My uncle's a sweet person, but weak. He has had one bad relationship after another, he's been addicted to drugs and alcohol, he's been in jail. I do not think he's a bad person. I just think he never felt strong enough in himself to make good choices.

There is much sadness in that house. There has been for a very long time. Maybe something good will come out of this flood. It forced the issue that was hanging over everyone's head: what to do about the house now that Mamaw's Alzheimer's is getting worse. It's ironic that all the stuff my Mamaw has hoarded over the years, the stuff we couldn't get her to throw away or go through, is now waterlogged. I am sad that the house where my family used to be able to come together is basically gone. But it's really been gone for a long time anyway - at least in my heart.

I feel guilty for not being there to help, guilty for not really wanting to go over there at all, guilty that I don't have a better relationship with Mamaw. I am prone to guilt, even though I know it's an emotion that doesn't do anyone any good. I am trying to get out of this head-space. I am trying to pray, to grieve, to meditate, and to think of constructive ways I can be of help.
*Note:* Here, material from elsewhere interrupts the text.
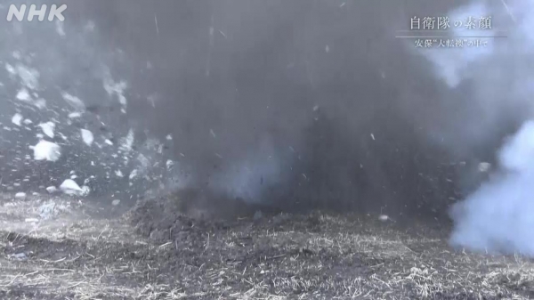 今年3月,日本陆上自卫队施设科部队在演习场测试爆破琉球石灰岩 图片来源:NHK专题片截图

I read something in Julia Cameron's book The Right to Write today that struck me - about owning one's life, and writing as a way to do that. I thought, this is my life. My family's screwed up, relationships are strained or broken, people that I care about are pretty much crazy. But it's the only life I've got. I've managed to make it this far with these crazy people around me! And for all their faults, I've never doubted for one second that they love me.